A new online lecture series explores how Basic Sciences are essential in fostering the advancement of the Sustainable Development Goals.

The 2030 Agenda for Sustainable Development aside from providing a framework to sustainability and equality, can also represent how to better link basic science and education with issues such as climatic and environmental change, water and energy security, ocean preservation, disaster risk and other existential risks to living sustainably on planet Earth.
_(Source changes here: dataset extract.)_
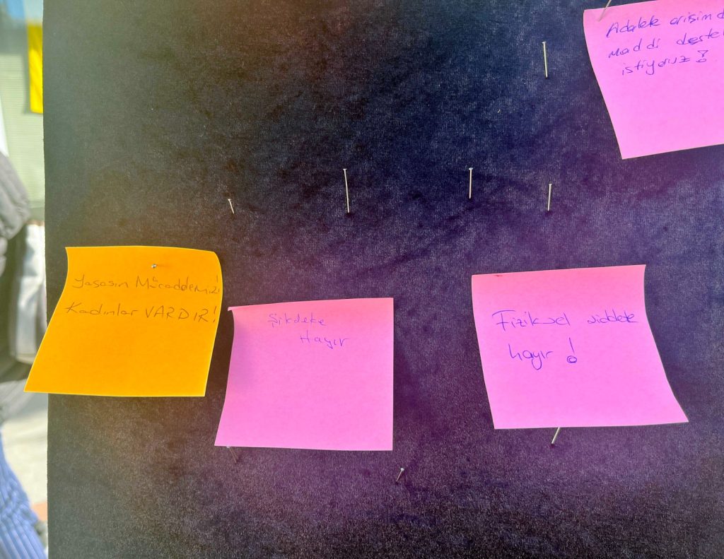Edirne’de 25 Kasım Kadına Yönelik Şiddette Karşı Uluslararası Mücadele Günü dolayısıyla, Edirne Barosu Kadın Hakları Komisyonu üyesi avukatlar, kadına yönelik şiddetle mücadele konusunda vatandaşların önerilerini aldı. Baro Kadın Hakları Komisyonu Başkanı Bedia Mutlu Mirzabey, vatandaşların kağıtlara yazarak panoya astığı önerileri, kitaplaştıracaklarını açıkladı.

While we celebrate the International Year of Basic Sciences for Sustainable Development (IYBSSD), it is important to recognize the contribution basic science can make to the implementation of the 2030 Agenda.

The International Year, promulgated by the United Nations, encourages exchanges between scientists and all categories of stakeholders, whether from grassroots communities or political decisionmakers and international leaders, to associations, students and local authorities.

GeoUnions (a group of nine unions and associations representing the geosciences, who are also members of the ISC), established a “Distinguished Lecture Series on Basic Sciences for Sustainable Development” aligned with the IYBSSD to highlight the importance of basic sciences for sustainable development within the ISC community.

“It is an honour for the ISC’s geoscience unions to promote the importance of basic science as it relates to the Sustainable Development Goals in multidisciplinary settings. We are delighted that the following outstanding representatives from our unions have agreed to be the first to share their expertise as part of the distinguished lecture series for the International Year for Basic Science for Sustainable Development.”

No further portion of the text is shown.